Calendar Girls
Tim Firth
26 - 29 Jun 2013

For their summer production, Jubilee Players took on the challenge of Tim Firth’s ‘Calendar Girls’. Not only is it a challenging piece for the cast, but the majority of the audience will already have had their preconceptions formed by Helen Mirren and Julie Walters. However, no-one will have left Horstead Tithe Barn in any way disappointed by the quality of the production, as not only ‘the girls’ but the supporting characters responded enthusiastically to Neil Phillips sharp direction.

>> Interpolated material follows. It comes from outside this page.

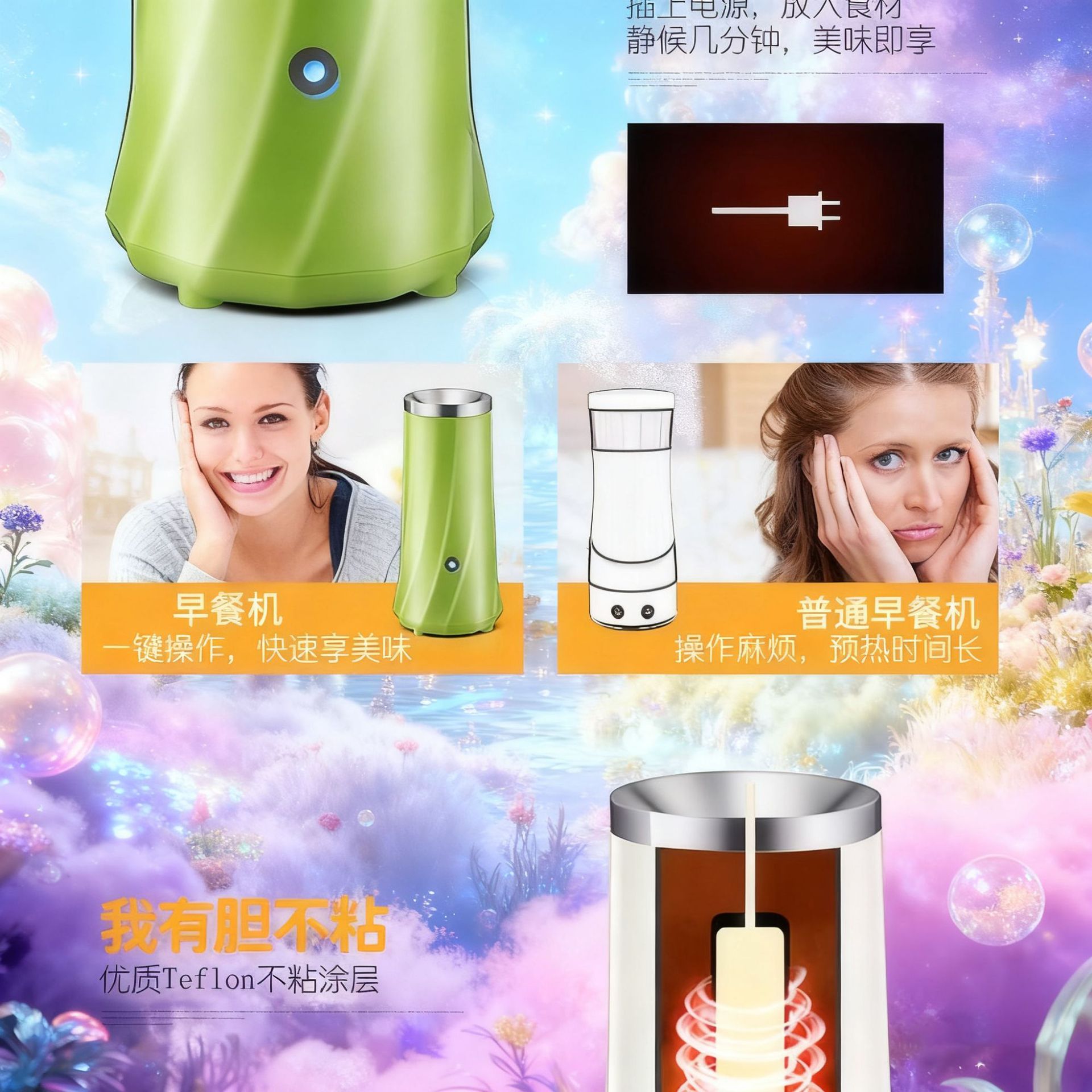 Автоматическая умная машина для яичных рулетов, мини-машина для завтрака, машина для яичных рулетов, чаша для ленивого омлета, антипригарная сковорода

Perhaps the key to the success was the casting. Cara (Sue Brooks), Chris (Rosalind Chamberlin), Annie (Sue Phillips), Jessie (Cynthia Gosling), Celia (Sue Brodie) and Ruth (Hannah Groves) established their characters in a wholly convincing manner, their differing responses to the ‘naughtiness’ of the proposal to pose for the calendar setting the scene for the development of the plot. Their deception of the pompous WI chairwoman, Marie (Jane Risebrow), unites them in their determination to see through the apparently crazy project.

The first half of the play in which the death of Annie’s husband, John (Neil Phillips) from leukaemia - which provides the justification for substituting middle-aged glamour for jam and Jerusalem - is sensitively treated, as is the emerging tension of the second half that arises between Annie and Chris as celebrity opportunities arrive in sleepy Knapely. The understated humour of the piece is equally well handled, the dialogue providing the characters with the opportunity to hone their timing of one-liners.

The central photography scene was excellent, the apparent chaos disguising a skilfully structured piece of stagecraft, while the speech scene at the WI conference struck just the right note of anxiety and stridency. The emotional ending on ‘John’s hill’, as the sunflowers turn, provided a ‘feel good’ conclusion to a production which would have pleased not only the Tithe Barn audiences but the ‘Leukaemia Research’ charity that will benefit from the ticket sales.

Those holding the performing rights to the play have opened an 18-month window for amateur groups to stage ‘Calendar Girls’, with the proviso that some of the profits are donated to a cancer charity and, unsurprisingly, there has been a proliferation of productions across the country. Few will have bettered this one.